PROBLEM STATEMENT:
Write every line of the material again exactly, with no pictures in the copy.

MATERIAL FOR THIS EXERCISE:

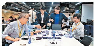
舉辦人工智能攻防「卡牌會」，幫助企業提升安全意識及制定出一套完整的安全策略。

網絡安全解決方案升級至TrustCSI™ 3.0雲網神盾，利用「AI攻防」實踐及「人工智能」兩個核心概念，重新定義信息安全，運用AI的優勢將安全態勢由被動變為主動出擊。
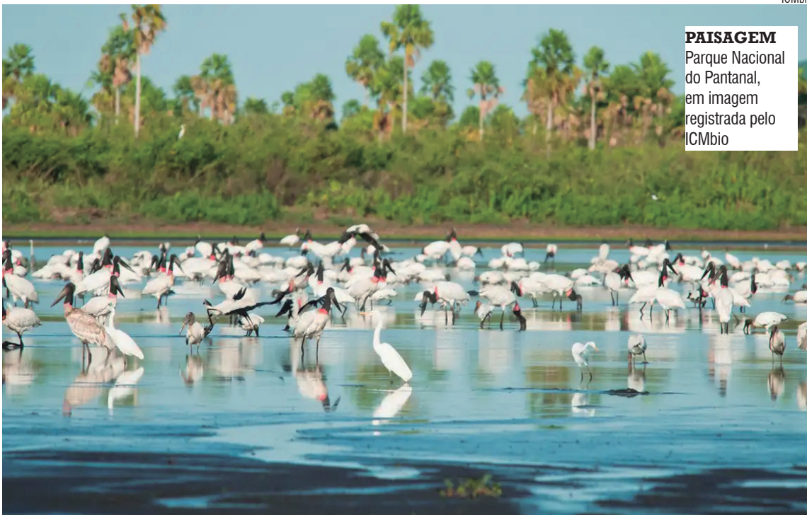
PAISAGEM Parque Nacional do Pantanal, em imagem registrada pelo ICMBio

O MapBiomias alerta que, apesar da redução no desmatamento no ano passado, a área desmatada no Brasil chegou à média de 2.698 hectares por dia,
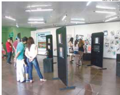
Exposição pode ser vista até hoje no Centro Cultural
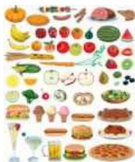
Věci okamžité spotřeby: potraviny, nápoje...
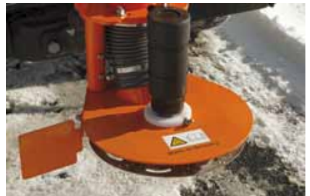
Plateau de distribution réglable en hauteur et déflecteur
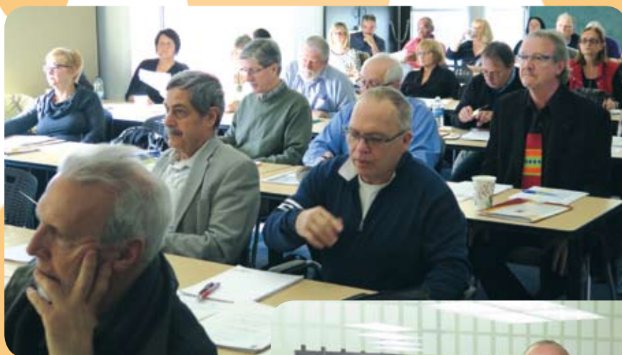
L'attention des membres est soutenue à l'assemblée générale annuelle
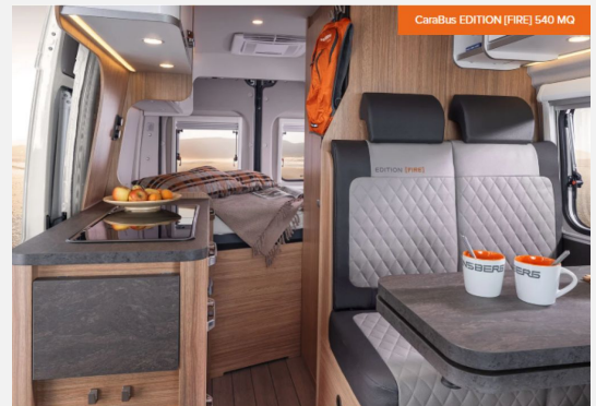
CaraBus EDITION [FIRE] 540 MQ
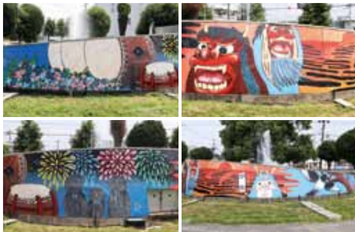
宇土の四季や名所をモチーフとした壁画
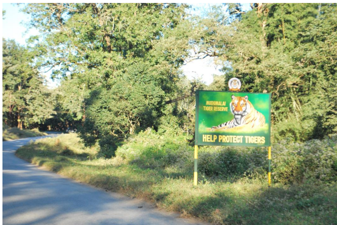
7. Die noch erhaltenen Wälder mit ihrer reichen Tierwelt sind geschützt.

OUTPUT FOR THIS EXERCISE:
舉辦人工智能攻防「卡牌會」，幫助企業提升安全意識及制定出一套完整的安全策略。

網絡安全解決方案升級至TrustCSI™ 3.0雲網神盾，利用「AI攻防」實踐及「人工智能」兩個核心概念，重新定義信息安全，運用AI的優勢將安全態勢由被動變為主動出擊。
PAISAGEM Parque Nacional do Pantanal, em imagem registrada pelo ICMBio

O MapBiomias alerta que, apesar da redução no desmatamento no ano passado, a área desmatada no Brasil chegou à média de 2.698 hectares por dia,
Exposição pode ser vista até hoje no Centro Cultural
Věci okamžité spotřeby: potraviny, nápoje...
Plateau de distribution réglable en hauteur et déflecteur
L'attention des membres est soutenue à l'assemblée générale annuelle
CaraBus EDITION [FIRE] 540 MQ
宇土の四季や名所をモチーフとした壁画
7. Die noch erhaltenen Wälder mit ihrer reichen Tierwelt sind geschützt.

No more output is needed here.